Auditing Your Hubspot Portal: How, When, and Why?

There are many benefits to regularly auditing your Hubspot Portal, which include increasing efficiency, reducing wasted time, preventing future confusion, and making it easier to onboard new users. 

The best time to audit your Hubspot portal is now. (Unless of course, you’ve just completed an audit in the past couple of weeks.) But if you’re reading this blog post, you most likely need some guidance.

First and foremost, when you're thinking about best practices: conduct a standard audit on a quarterly basis, and a deeper audit annually. 

So how do you conduct the audit? Let's start off with some best practices to keep in mind before we dive into some criteria. 
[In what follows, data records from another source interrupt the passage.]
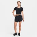 This Nike cropped top is designed for performance, featuring a crew neck and short sleeves. With a slim fit and solid pattern, it is part of the activewear collection. The top is embellished with a logo, adding a touch of brand identity. -
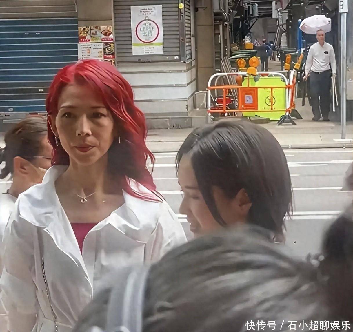 样貌大变样前不久,有网友在香港中环街道,意外遇见了蔡少芬。当天她身着黑色露肩衬衫,旁边还停着一辆红色法拉利。酒红色的头发在雨中泛着光泽,直到路人举着相机喊了句“芬姐”。
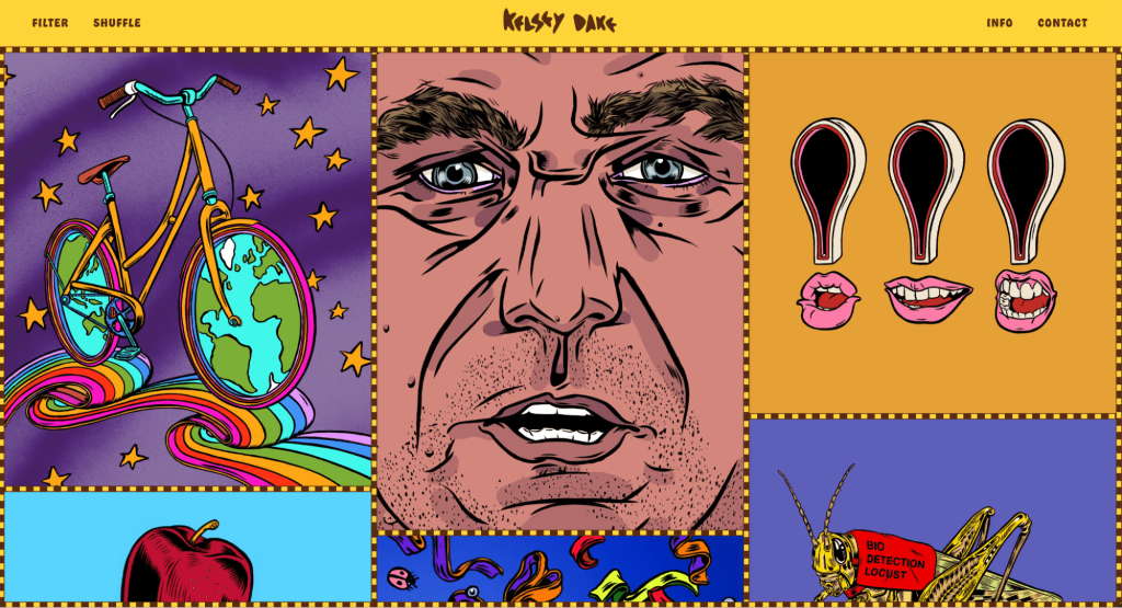 Portofolio Kelsey Dake menerapkan kombinasi warna kuning dan cokelat untuk menciptakan tampilan yang unik dan estetik.
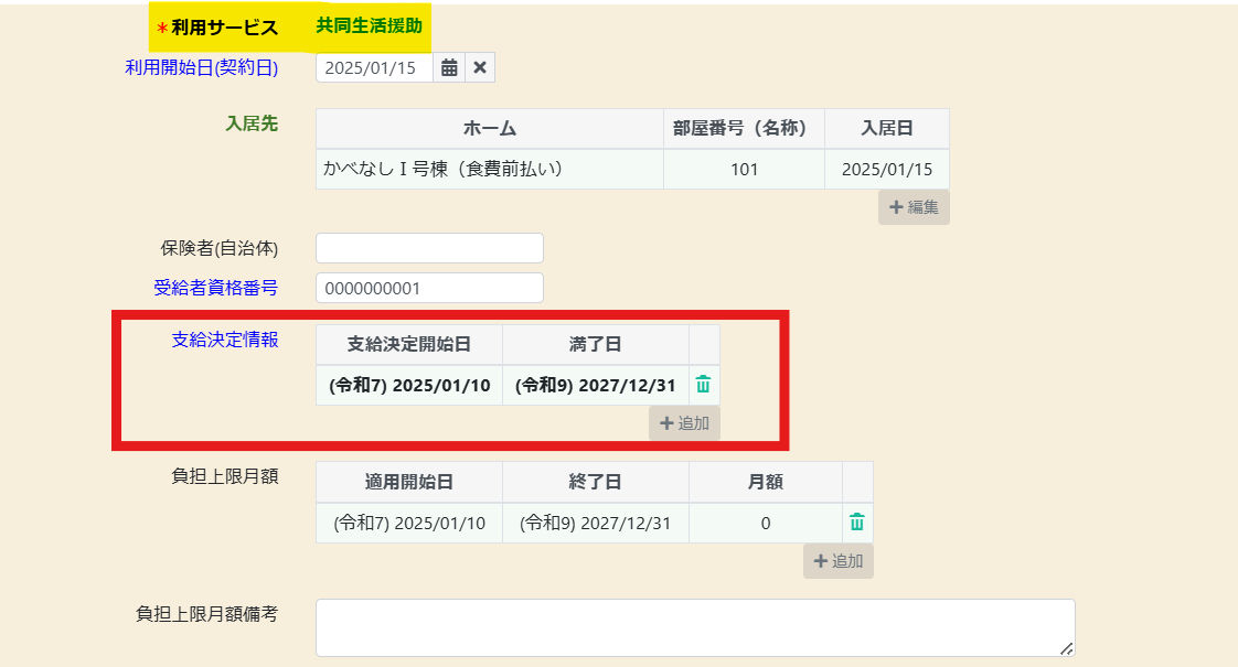 ※共同生活援助の場合は、基本1に支給決定情報(基本検定)の項目がございます。
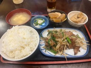 夜はとんちゃんが安くておいしいのですがランチはなんと800円でメインを選びおばんざいが2品つくのです、このおばんざいが10品ぐらいある中からセルフで量は自分の食べれる分です(ということはいっぱい入れてもOK)
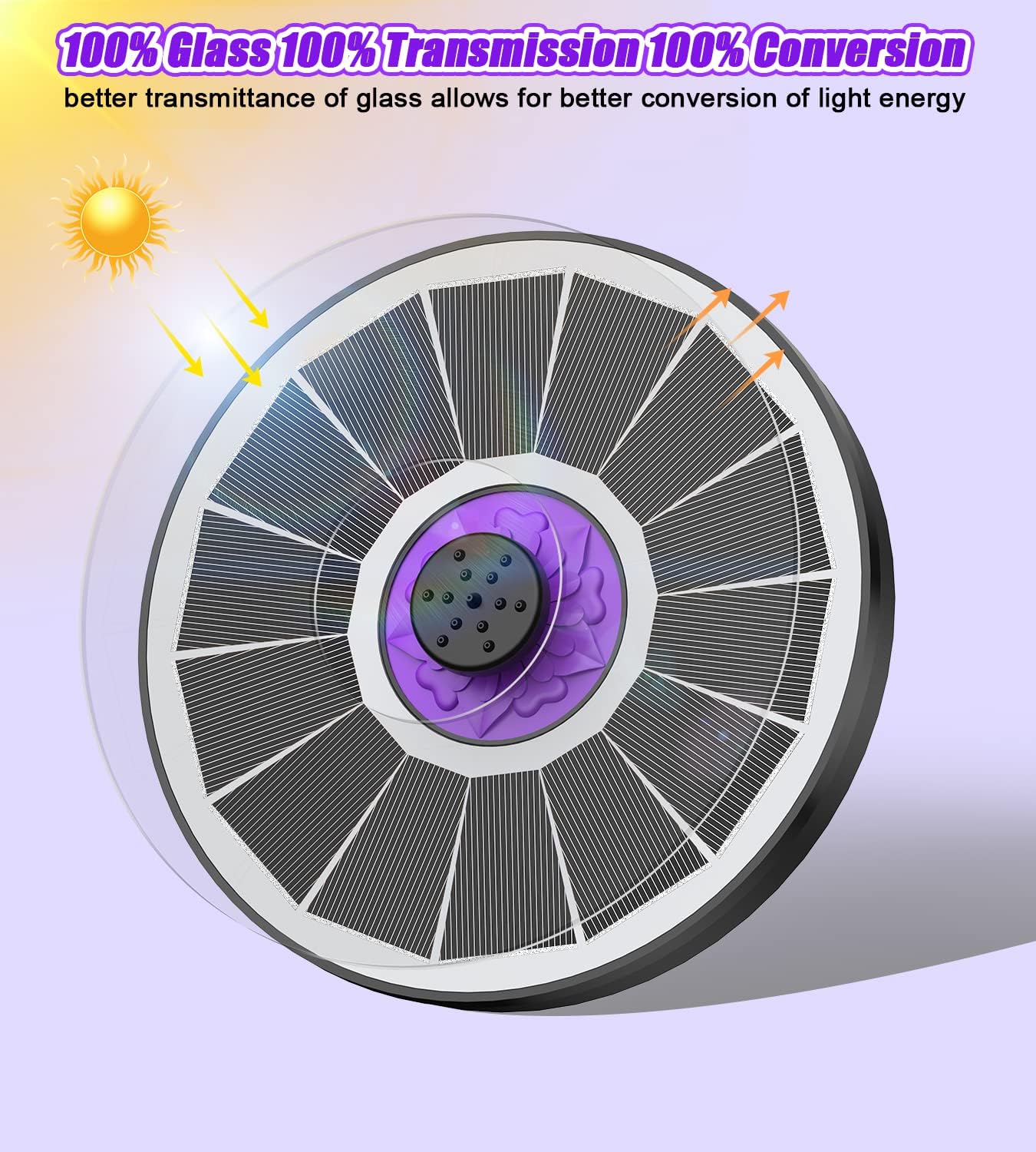 - High-end Glass Manufacturing Process: The solar water fountain uses new anti-corrosion glass materials to ensure that if it's for a long time in harsh environments, it will not oxidize and turn white. The glass surface gives the fountain a very high-end look and a good texture, and the purple pattern in the center looks like a flower bud. It will undoubtedly be the most beautiful fountain pump you have ever seen, adding a view and fun to your garden
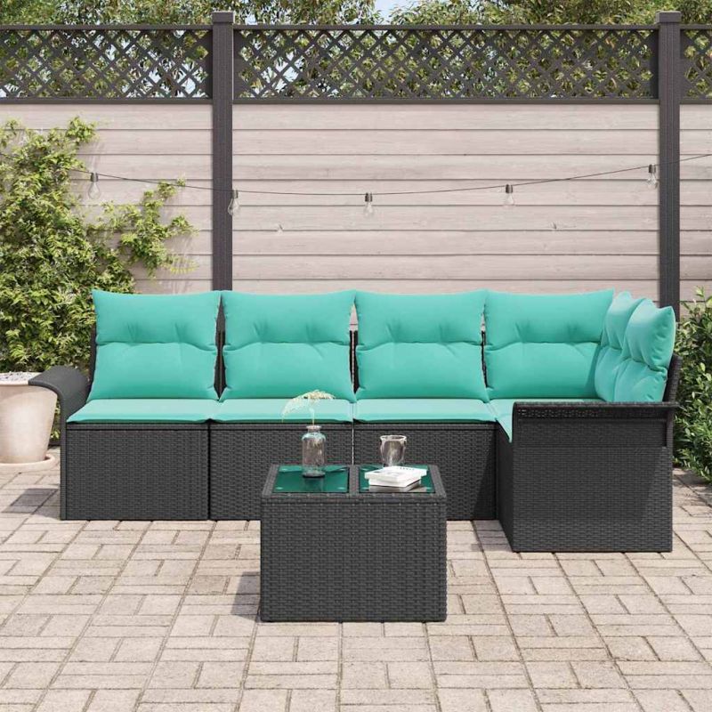 Градински Софа Комплект с възглавница 6 pcs Черно полиратан

Need help with a HubSpot audit? Chat with us, we've got you covered. 

Best Practices 

Folders

When it comes to keeping things organized within your Hubspot portal, folders will become your best friend. While Hubspot makes it quite easy to create folders - and then move individual items into said folders - we often see that this is not fully taken advantage of. There can be a few understandable reasons for this. 

For example, let’s say that your marketing team is in a rush to get out a marketing email by a certain deadline. Through trial and error, they (or you) end up making a bunch of lists to hit the “sweet spot” of the list with the right filters you are looking for. Once the correct list is created, they (or you), rush to finalize the email within the marketing email tool and hit send. In the rush of excitement, you forget that you have just created 10 new lists, none of which get added to a folder. 

The advantage of folders is two-fold:

  1. Helps you clean up and organize your lists, forms, workflows, etc. into categories via folders
  2. Helps you identify items that can be deleted altogether
Date Conventions

When we are organizing and creating structure, there is often the temptation to think in the short-term, and name, for instance, a list, "May 4th". Before we know it, however, it will be May 4th, 2024, and sooner than later this little detail will cause a lot of confusion. 

Fortunately, HubSpot provides the date itself - which will make your job much easier when it comes to adding in the year-to-date stamps - when and where necessary.

HubSpot’s new List view allows you to sort and filter via columns and properties - very similar to the contact index (this provides slightly less utility than it once did previously). We recommend following through with this as the date of creation of the specific item may vary from the date most relevant to that item.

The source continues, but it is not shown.